September 13, 2015 at 11:54 pm

Thank you for the insightful articles you provide. I have a project to deliver and i would request you to suggest me which is the best method/ test to conduct my study.

I have a 6 month data set with 13 students(student 1, student 2, etc) and 11 tests(test1 – test 11) and the average time taken by each student to complete each test over 6 months. The data is not normal.

I want to find out, for each test-wise, which students are underperforming or overperforming.

I am proving a rough sample. Please suggest.

test 1 test 2 test3 test 4 ———– test 11
student 1 45.56 8.56 0.56 50.56
student 2 23.25 9.65 8.25 32.65
student 3 22.32 24.56 16.32 24.56
student 4 15.12 33.26 25.12 44.26
student 5 80.32 45.00 15.32 45.00
–
–
student 13
Reply
- Charles
  
  September 14, 2015 at 12:36 pm
  
  Ron,
  It really depends on how you define under- or over-performing. You can look at this as a problem of identifying outliers. The website has several webpages that address this issue. Please use Search to find these pages.
  Charles
  Reply
  - Ron_N
    
    September 14, 2015 at 5:34 pm
    
    Hi Charles,
    
    Thank you for your quick reply.
    I am thinking of applying IMR control charts for subgroup 1 (each individual is considered as one subgroup). Then i would target those individuals who would fall below or above the control limits.
    I am confused with one thing. Could you please guide me whether i should consider 1 sigma, 2 sigma or 3 sigma as my control limits?
    
    Thank you for this wonderful site. I have gathered so much knowledge from here.
    
    Regards,
    Ron
    Reply
    - Charles
      
      September 14, 2015 at 6:24 pm
      
      Ron,
      Good to hear that you are getting value from the site.
      There is no clear rule regarding 1 sigma, 2 sigma or 3 sigma. I generally use 2.5 sigma, except for very large samples where I may choose a larger value like 3.
      Charles
      Reply
      - Ron_N
        
        September 14, 2015 at 10:46 pm
        
        Thank you Charles for all your support. Now i can carry out my analysis.
Kevin

September 11, 2015 at 1:28 pm

Hi Charles,

I’m glad that I could be of service for the next release regarding the SRH test! It is relatively unknown, but can be rather effective in the right environment, especially with non-normal data! I forgot to mention this in my original post, but the SRH test only works if the ANOVA is balanced. So there needs to be an equal number of observations for each level of each factor…of course, this will not usually be a problem for repeated measures designs unless one or more of the subjects are unable to complete the testing. You may have figured this out already, but I thought it would be best to clarify this restriction. Thanks again for running a great site!
Reply
SIM

July 27, 2015 at 11:49 am

Hi Charles,

Thank you for your tutorial, i am new to statistic. I would like to know how can i determined or select from the table based on my amount of subjects. ie N=5, N=6.
From the table of critical values for three conditions, how should we determined which P values to choose from?

Thanks!
Reply
- Charles
  
  July 28, 2015 at 6:10 am
  
  Sorry, but I would have to see the table that you are using since I am not providing such a table from my site.
  Charles
  Reply
Andy

July 1, 2015 at 4:04 pm

Hi Charles,

This is one of best explanations I have came across while wanting to know a bit more about Friedman statistic… Thank you!

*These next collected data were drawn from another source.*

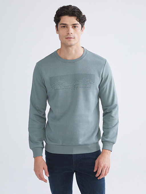 • Bisiklet Yaka Bask?l? Erkek Kal?n Sweatshirt
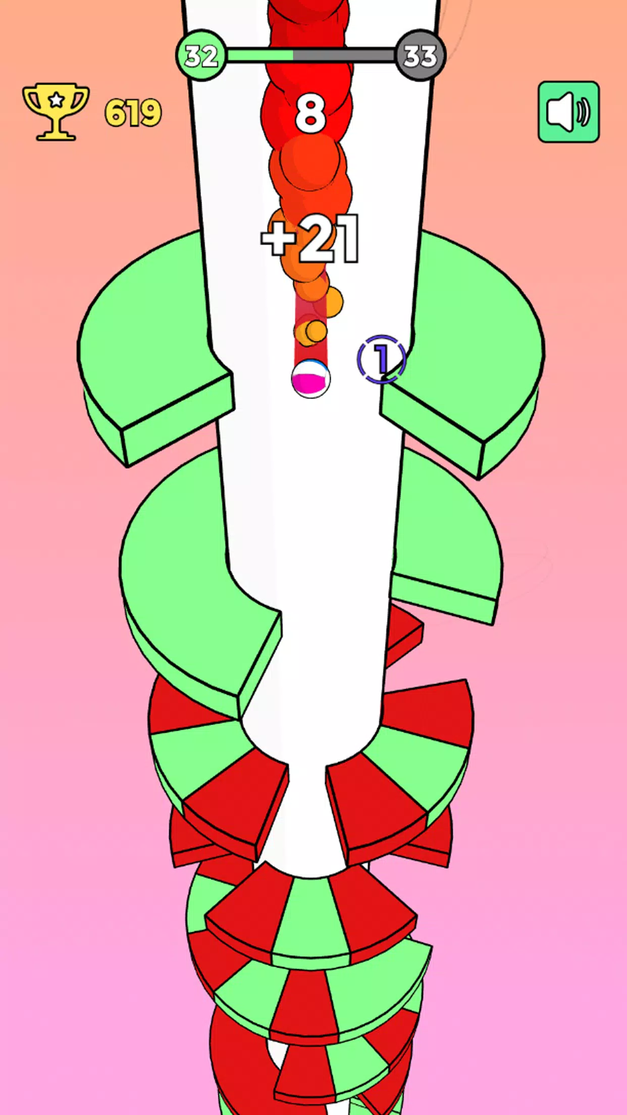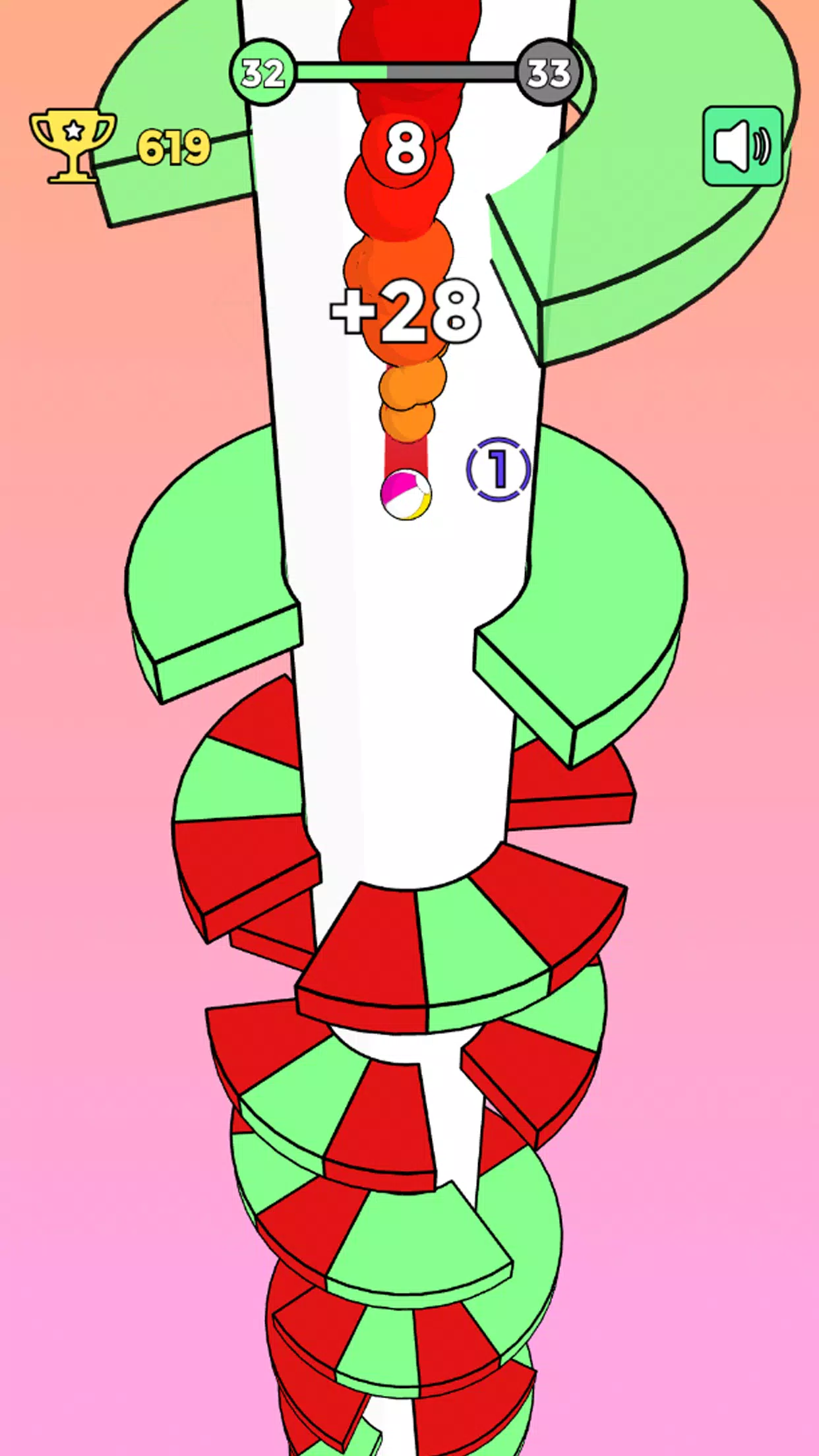 - Динамичный геймплей: классическая механика в духе Helix Jump, доведенная до совершенства.
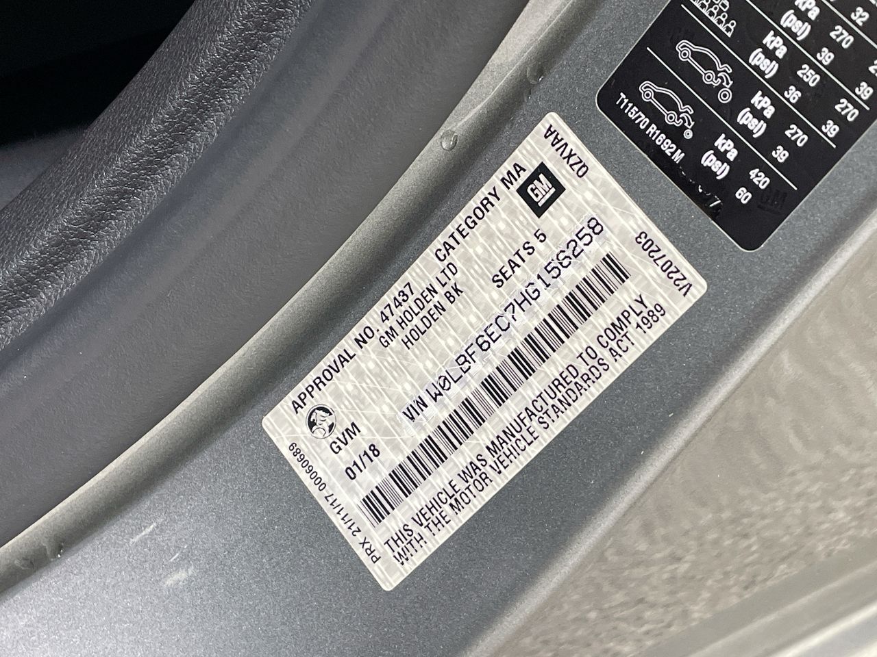 • VIN: W0LBF6EC7HG156258
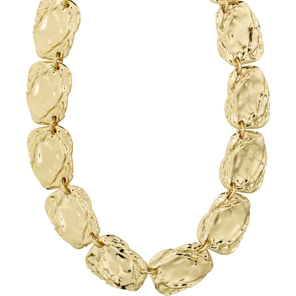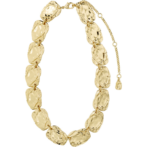 Kullanvärinen SHIFT-kaulakoru Pilgrimiltä on todellinen statement-kappale. Litistetyt kolikot ovat raakoja, rustiikkisia ja yhdistävät voimakkaan tunnelman rentoon, tyylikkääseen asenteeseen.
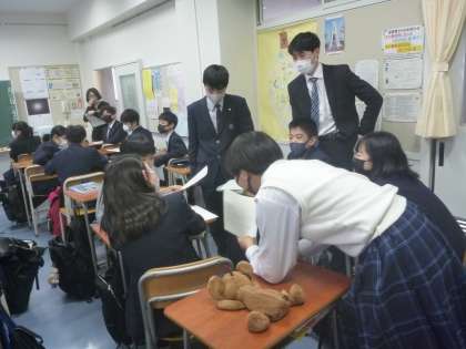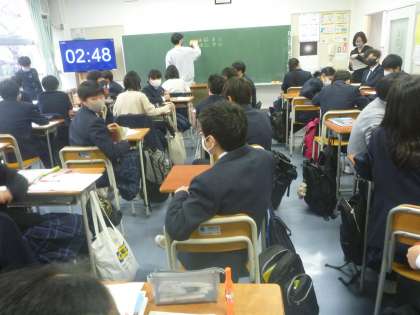 豊臣秀吉の天下統一について、グループで意見を出し合っています。
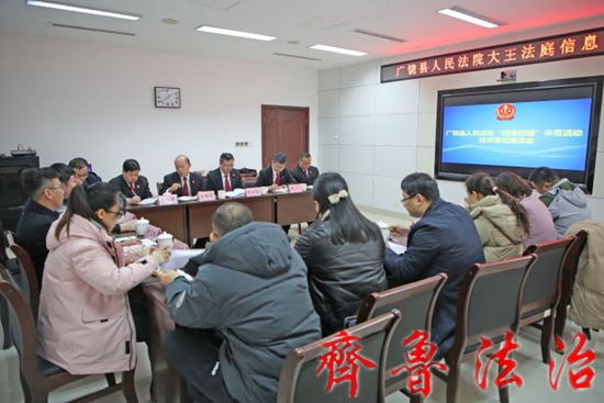 东营广饶县人民法院“四项创建”示范活动征求意见座谈会在大王法庭召开,座谈会邀请部分县人大代表、政协委员、媒体代表、群众代表参加,党组副书记、副院长李玉山主持会议并参与座谈

I have a couple of questions on the method and conclusion:
1. Can I use this method as a product tradeoff analysis like conjoint analysis and having no levels?
As an example, lets say I ask people to share preferences of disruptive technologies. I give them $100 to distribute in the list. I then run Friedman test on collected samples to determine whether difference in choices were significant.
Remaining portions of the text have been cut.